II juni 1960
Mijn allerliefste Bep en kinders,
Nu voel ik pas goed hoe sterk we wel met elkaar verbonden zijn, hoe lief en flink jullie zijn. Wat zal het moeilijk voor jullie zijn, en voor elk van jullie op de eigen manier, het hoofd te bieden aan onbegrip, aan kletspraat, aan alles wat nu op jullie af stormt. Gelukkig hebben de mensen sinds de oorlog geleerd, dat het niet altijd een schande is om in de gevangenis te zitten. En gelukkig kennen jullie papa goed genoeg, en kennen ook zijn vrienden en bekenden hem goed genoeg, om te weten dat hij steeds rechtuit door het leven is gegaan, en dat zal blijven doen! Jij zult nu wel eerstdaags bij me op bezoek mogen, Bep. Wat is die gedachte heerlijk, hè. Ik moet lachen en krijg ook tranen in de ogen van blijdschap als ik eraan denk. En dan zullen jullie, m'n kinders, toch ook wel eens gauw mogen komen. En oma misschien ook wel een keertje (wanneer komt ze terug van vakantie?) Ze zal wel schrikken, maar ze is een ouwe taaie, die na het leven met oom Henk en wat daarna gebeurd is in Ravensbrück, ook nu de tanden op elkaar zal zetten. Ze zal in de toekomst wel vaak bij jullie zijn, dat weet ik zeker.

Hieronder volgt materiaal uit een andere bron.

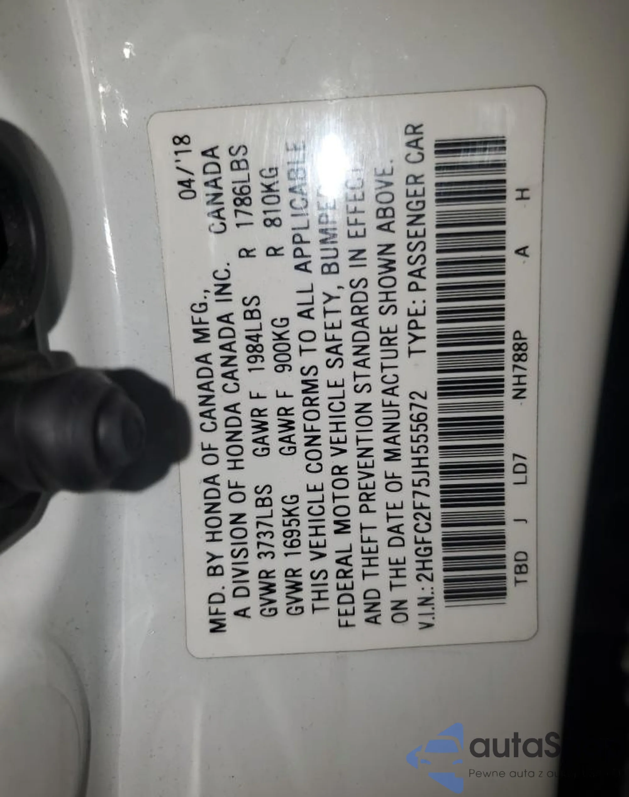 • VIN 2HGFC2F75JH555672
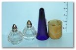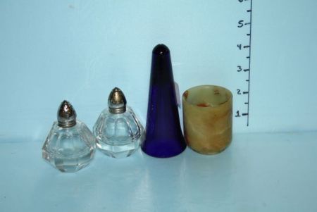 Small Blue Glass Flower Holder, Jade Cup, and a Pair of Glass Salt and Pepper Shakers Small Blue Glass Flower Holder, Jade Cup, and a Pair of Glass Salt and Pepper Shakers
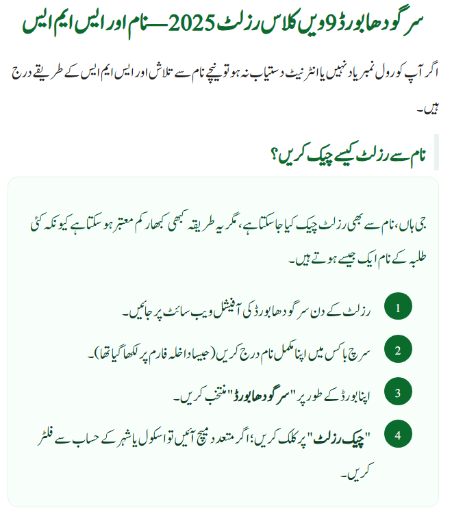 Can Sargodha Board 9th Class Result 2025 be checked by name?
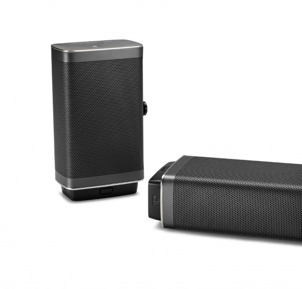 - Detachable, battery-powered wireless surround speakers
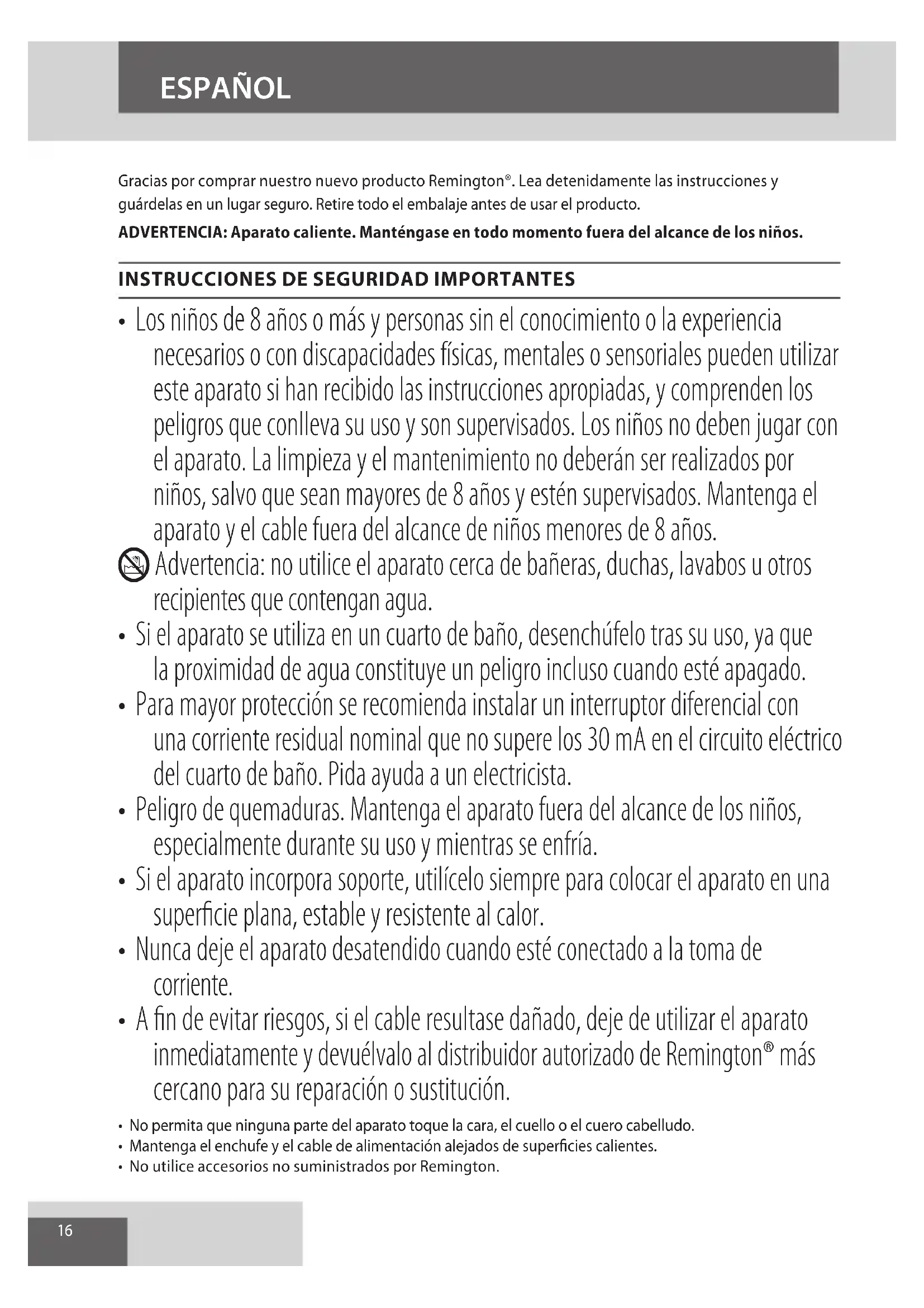 AE16 Gracias por comprar nuestro nuevo producto Remington®. Lea detenidamente las instrucciones y guárdelas en un lugar seguro. Retire todo el embalaje antes de usar el producto. ADVERTENCIA: Aparato caliente. Manténgase en todo momento fuera del alcance de los niños.

Ik heb net gelucht, heerlijk in het zonnetje. Door een of andere ambtenaar werd me gevraagd of ik rookte, en heb nee gezegd. Het is nu de derde dag dat ik niet meer rook (al had ik er vaak gelegenheid toe) en daar, naar allerlei wijzen beweren, de derde dag de moeilijkste is, is de situatie hoopvol.
Zoeven is me gezegd, dat drie leden van het gezin samen eens per week een kwartier op bezoek mogen. Bezoekdag èn uur moet jij aanvragen, Bep. Dan krijg je bericht.